- District location in Uganda
- Coordinates: 01°18′N 32°30′E﻿ / ﻿1.300°N 32.500°E
- Country: Uganda
- Region: Central Region of Uganda
- Established: 1 July 1997
- Capital: Nakasongola

Area
- • Total: 3,737.6 km^{2} (1,443.1 sq mi)
- • Land: 3,511.8 km^{2} (1,355.9 sq mi)
- • Water: 225.8 km^{2} (87.2 sq mi)
- Elevation: 1,160 m (3,810 ft)

Population (2012 Estimate)
- • Total: 156,500
- • Density: 44.6/km^{2} (116/sq mi)
- Time zone: UTC+3 (EAT)
- Website: www.nakasongola.go.ug

= Nakasongola District =

Nakasongola District is the northernmost district of the Central Region of Uganda.
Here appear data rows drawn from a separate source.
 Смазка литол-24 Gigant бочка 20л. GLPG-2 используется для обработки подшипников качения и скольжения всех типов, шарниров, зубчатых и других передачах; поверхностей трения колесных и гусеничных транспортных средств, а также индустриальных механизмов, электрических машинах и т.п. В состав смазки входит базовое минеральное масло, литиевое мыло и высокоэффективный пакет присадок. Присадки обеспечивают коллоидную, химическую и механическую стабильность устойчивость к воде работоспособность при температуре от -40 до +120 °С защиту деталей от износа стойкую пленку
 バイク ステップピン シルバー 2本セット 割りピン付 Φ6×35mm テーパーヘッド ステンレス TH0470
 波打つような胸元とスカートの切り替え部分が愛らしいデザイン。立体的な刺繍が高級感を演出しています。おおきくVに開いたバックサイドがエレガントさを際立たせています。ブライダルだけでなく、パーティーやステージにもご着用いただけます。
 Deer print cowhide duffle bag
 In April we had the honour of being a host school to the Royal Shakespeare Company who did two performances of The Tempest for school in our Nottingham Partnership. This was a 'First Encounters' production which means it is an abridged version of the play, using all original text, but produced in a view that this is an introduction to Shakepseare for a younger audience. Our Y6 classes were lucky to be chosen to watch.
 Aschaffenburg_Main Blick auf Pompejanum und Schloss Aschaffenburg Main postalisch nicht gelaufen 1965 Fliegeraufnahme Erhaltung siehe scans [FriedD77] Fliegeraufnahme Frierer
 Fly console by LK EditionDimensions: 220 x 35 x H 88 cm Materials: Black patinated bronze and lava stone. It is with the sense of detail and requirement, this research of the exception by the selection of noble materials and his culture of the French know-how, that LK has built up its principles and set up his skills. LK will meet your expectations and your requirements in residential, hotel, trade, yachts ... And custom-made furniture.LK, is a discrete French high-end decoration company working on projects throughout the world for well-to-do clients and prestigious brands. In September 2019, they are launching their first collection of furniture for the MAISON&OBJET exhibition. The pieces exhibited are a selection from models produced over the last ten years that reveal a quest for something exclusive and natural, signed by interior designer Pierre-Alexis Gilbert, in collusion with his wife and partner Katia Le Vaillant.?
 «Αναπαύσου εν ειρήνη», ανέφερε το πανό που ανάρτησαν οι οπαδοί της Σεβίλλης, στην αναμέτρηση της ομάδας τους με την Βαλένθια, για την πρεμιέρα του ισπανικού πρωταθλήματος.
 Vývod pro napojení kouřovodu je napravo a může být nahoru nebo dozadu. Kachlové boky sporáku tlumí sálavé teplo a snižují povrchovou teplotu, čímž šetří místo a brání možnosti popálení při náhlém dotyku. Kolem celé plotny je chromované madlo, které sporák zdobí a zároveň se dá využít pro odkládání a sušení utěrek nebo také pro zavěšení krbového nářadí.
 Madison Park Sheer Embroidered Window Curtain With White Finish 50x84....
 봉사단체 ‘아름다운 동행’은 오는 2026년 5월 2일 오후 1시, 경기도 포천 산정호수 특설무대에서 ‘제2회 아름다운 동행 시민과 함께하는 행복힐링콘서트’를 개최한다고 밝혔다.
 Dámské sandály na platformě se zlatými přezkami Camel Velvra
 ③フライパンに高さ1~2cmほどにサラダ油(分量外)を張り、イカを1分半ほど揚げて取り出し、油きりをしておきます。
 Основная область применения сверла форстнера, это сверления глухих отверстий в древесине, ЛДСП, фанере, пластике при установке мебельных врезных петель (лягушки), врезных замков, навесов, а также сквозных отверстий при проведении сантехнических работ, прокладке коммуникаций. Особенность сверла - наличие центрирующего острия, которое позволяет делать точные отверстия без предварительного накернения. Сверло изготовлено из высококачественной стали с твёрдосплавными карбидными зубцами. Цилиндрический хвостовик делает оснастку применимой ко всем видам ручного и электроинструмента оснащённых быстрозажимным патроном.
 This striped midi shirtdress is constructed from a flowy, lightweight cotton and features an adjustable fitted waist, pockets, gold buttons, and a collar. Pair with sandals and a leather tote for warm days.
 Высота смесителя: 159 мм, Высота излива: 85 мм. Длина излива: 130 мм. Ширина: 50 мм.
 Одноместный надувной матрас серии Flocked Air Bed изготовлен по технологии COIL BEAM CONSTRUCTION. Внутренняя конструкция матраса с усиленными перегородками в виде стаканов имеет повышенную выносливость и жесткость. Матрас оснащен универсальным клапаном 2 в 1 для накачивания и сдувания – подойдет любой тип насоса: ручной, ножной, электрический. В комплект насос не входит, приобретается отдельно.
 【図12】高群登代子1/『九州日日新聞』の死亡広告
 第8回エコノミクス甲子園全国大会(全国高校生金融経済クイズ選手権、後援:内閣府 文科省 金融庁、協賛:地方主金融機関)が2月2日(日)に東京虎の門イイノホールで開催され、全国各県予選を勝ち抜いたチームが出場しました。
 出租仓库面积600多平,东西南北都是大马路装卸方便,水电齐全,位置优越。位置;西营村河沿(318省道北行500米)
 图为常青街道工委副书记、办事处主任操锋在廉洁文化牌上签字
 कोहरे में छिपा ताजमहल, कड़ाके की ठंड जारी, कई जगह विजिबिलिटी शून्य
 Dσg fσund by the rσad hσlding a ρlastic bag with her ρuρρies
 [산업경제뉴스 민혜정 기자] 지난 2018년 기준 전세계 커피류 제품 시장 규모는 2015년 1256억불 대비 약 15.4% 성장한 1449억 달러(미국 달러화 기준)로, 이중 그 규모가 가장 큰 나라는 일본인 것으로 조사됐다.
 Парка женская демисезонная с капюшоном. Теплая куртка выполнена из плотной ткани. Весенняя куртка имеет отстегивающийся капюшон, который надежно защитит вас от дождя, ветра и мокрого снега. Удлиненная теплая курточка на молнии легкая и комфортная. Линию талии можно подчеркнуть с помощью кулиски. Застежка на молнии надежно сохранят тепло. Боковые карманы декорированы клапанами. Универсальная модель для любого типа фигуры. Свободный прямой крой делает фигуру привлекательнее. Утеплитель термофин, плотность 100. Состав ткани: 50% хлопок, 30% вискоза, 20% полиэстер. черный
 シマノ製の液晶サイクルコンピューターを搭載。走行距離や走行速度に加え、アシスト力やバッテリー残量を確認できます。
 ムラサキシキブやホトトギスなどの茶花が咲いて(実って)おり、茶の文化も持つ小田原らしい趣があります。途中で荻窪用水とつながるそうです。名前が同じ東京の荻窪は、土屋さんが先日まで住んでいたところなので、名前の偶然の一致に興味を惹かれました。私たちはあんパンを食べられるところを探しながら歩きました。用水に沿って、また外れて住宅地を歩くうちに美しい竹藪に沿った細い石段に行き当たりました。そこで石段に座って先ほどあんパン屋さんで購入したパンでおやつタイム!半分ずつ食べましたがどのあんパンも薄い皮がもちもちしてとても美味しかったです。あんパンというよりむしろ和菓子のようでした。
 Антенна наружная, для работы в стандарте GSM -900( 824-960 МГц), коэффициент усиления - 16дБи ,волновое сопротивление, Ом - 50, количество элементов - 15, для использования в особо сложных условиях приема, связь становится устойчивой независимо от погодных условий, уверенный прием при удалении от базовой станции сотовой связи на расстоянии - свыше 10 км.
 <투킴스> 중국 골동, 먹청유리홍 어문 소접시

The town of Nakasongola is the site of the district's administrative headquarters.

==Location==
Nakasongola District is bordered by Apac District to the north-west, Amolatar District to the north-east, Kayunga District to the east, Luweero District to the south, Nakaseke District to the south-west, and Masindi District to the north-west. Nakasongola, the main municipal, administrative, and commercial center of the district, is approximately 140 km, by road, north of Kampala, the capital and largest city of Uganda.

==Overview==
Nakasongola District was created in 1997. It was previously part of Luweero District. The commission of inquiry into the local government system in 1987 recognized that Nakasongola was too far from the administrative center of Luweero to be administered directly from there. Nakasongola suffered from relative neglect due to the distance from the then district headquarters. This became the basis for the creation of Nakasongola District in 1997. The district covers 4909 km2, of which 4.6% is permanent wetland. The district is composed of three counties, namely:
- Kyabujingo County
- Buruuli County
- Budyebo County

==Population==
The 1991 national census put the district population at about 100,500. In 2002, the census estimated the population at 127,100 people, of whom 62,312 (49.7 percent) were female and 62,985 (50.3 percent) were male. In 2012, the population of the district was estimated at 156,500.